Sub Sektor Peternakan
Disadari atau tidak, sub sektor peternakan memiliki peranan yang strategis dalam kehidupan perekonomian dan pembangunan sumberdaya manusia Indonesia.  Peranan ini dapat dilihat dari fungsi produk peternakan sebagai penyedia protein hewani yang penting bagi pertumbuhan dan perkembangan tubuh manusia.  Oleh karenanya tidak mengherankan bila produk-produk peternakan disebut sebagai bahan ”pembangun” dalam kehidupan ini. Selain itu, secara hipotetis, peningkatan kesejahteraan masyarakat akan diikuti dengan peningkatan konsumsi produk-produk peternakan, yang dengan demikian maka turut menggerakan perekonomian pada sub sektor peternakan.  Dan, pada kenyataannya konsumsi produk peternakan (terutama daging) di Indonesia cenderung meningkat.  Konsumsi daging tahun 2000 hingga 2004 masing-masing berturut-turut adalah 1,25, 1,2, 1,29, 1,37 dan 1,36 juta ekor (Deptan, 2005).  Hal ini selaras juga dengan hasil pandangan Delgado et al. (1999) bahwa di negara-negara berkembangan terdapat kecenderungan peningkatan konsumsi produk peternakan.
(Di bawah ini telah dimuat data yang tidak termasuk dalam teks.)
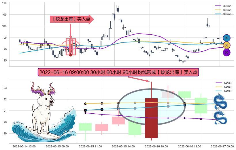 ⚀ 2022-06-16 09:00:00小时显现 30小时-60小时-90小时均线 【蛟龙出海】买入点 看多信号,后市看涨,买入
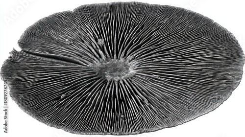 © Mundhut, Fototapeta premium Underside of a mushroom cap with radiating gills against a stark white background
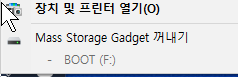 PC에 장치관리에 보면 Mass Storage 라고 장치가 연결된걸 확인 할 수 있다.
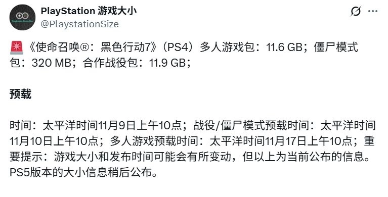 游戏资讯账号PlayStationSize借助设计平台,对外公布了动视Treyarch旗下即将上线的第一人称射击游戏《使命召唤:黑色行动7》的预载时间及下载大小。
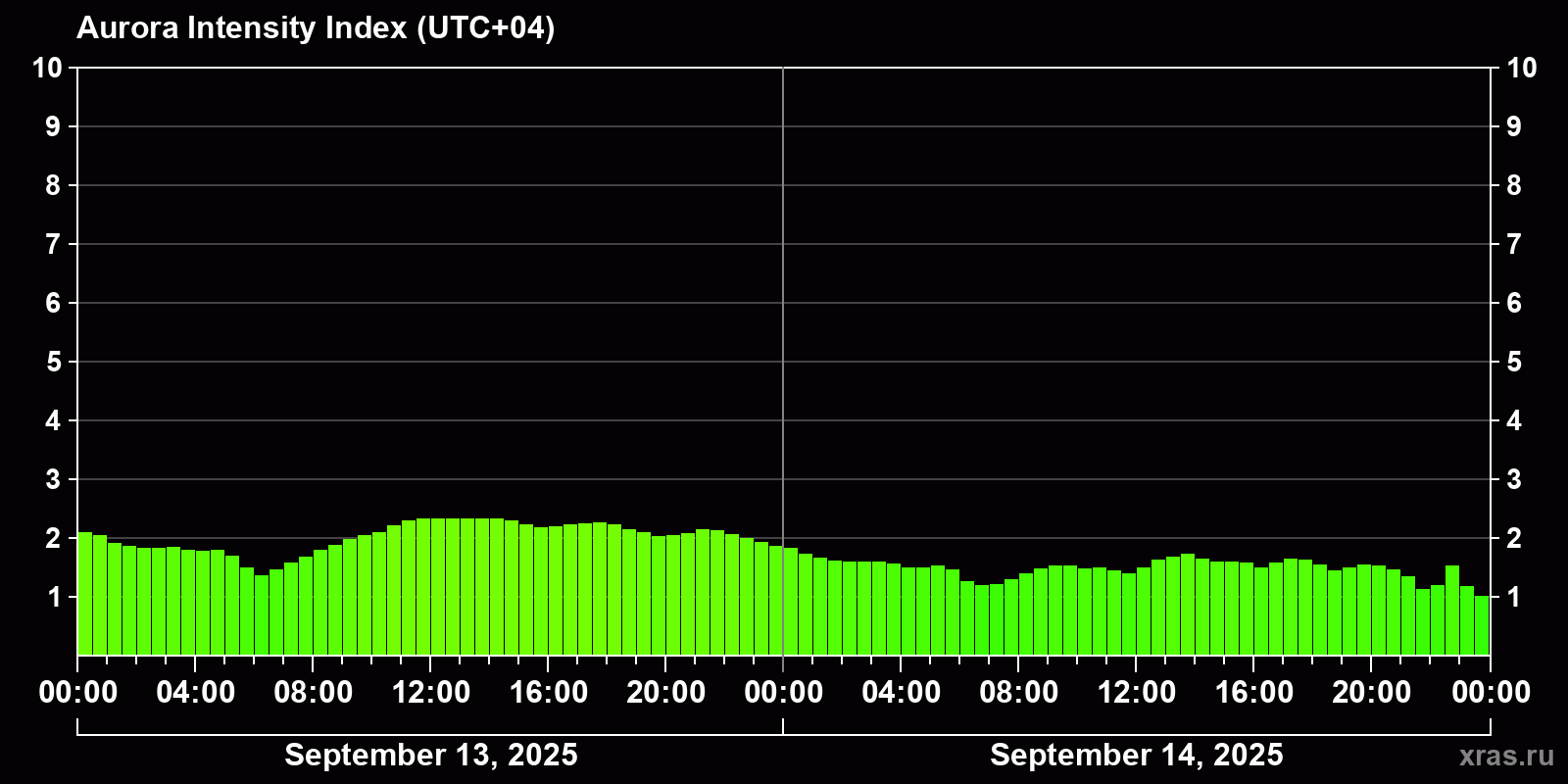 Auroral intensity index and the theoretically possible latitude of observations for nighttime in the Estern Hemisphere as of 2025-09-15 00:51 (end of day) local time

Pembangunan peternakan pada dasarnya urgen untuk dilakukan karena sub sektor ini memiliki peranan yang strategis bagi bangsa Indonesia. Peranan strategis ini setidaknya dapat dilihat pada 4 (empat) hal.  Pertama, sub sektor ini diharapkan memperbaiki/meningkatkan konsumsi dan distribusi gizi (baca: protein) hewani. Kedua, untuk meningkatkan pendapatan petani/peternak yang pada gilirannya dapat meningkatkan kesejahteraan keluarga petani dan masyarakat.  Ketiga, sebagai efek pengganda (multiplier effect) dari peningkatan nilai dan volume serta nilai tambah, yaitu dalam bentuk kontribusi terhadap Pendapatan Asli Daerah (PAD) ataupun pajak untuk negara. Dan yang keempat, bahwa menurut Delgado et. al. (1999) dewasa ini secara global sedang terjadi peningkatan konsumsi produk-produk peternakan yang justru terjadi di negara-negara sedang berkembang dimana peningkatan ini tidak diimbangi dengan produksi yang memadai sehingga impor merupakan salah satu cara memenuhi kebutuhan tersebut.

Seiring dengan adanya otonomi daerah maka pembangunan di masing-masing daerah harus didasarkan pada kondisi riil dan spesifik daerahnya masing-masing.  Berdasarkan pada Ditjennak (2002) tentang kawasan peternakan yaitu kawasan yang secara khusus diperuntukkan bagi kegiatan peternakan atau secara terpadu sebagai komponen usahatani lainnya (misalnya yang berbasis tanaman pangan, perkebunan, hortikultura atau perikanan) dan atau secara terpadu sebagai komponen ekosistem tertentu (seperti hutan lindung dan suaka alam).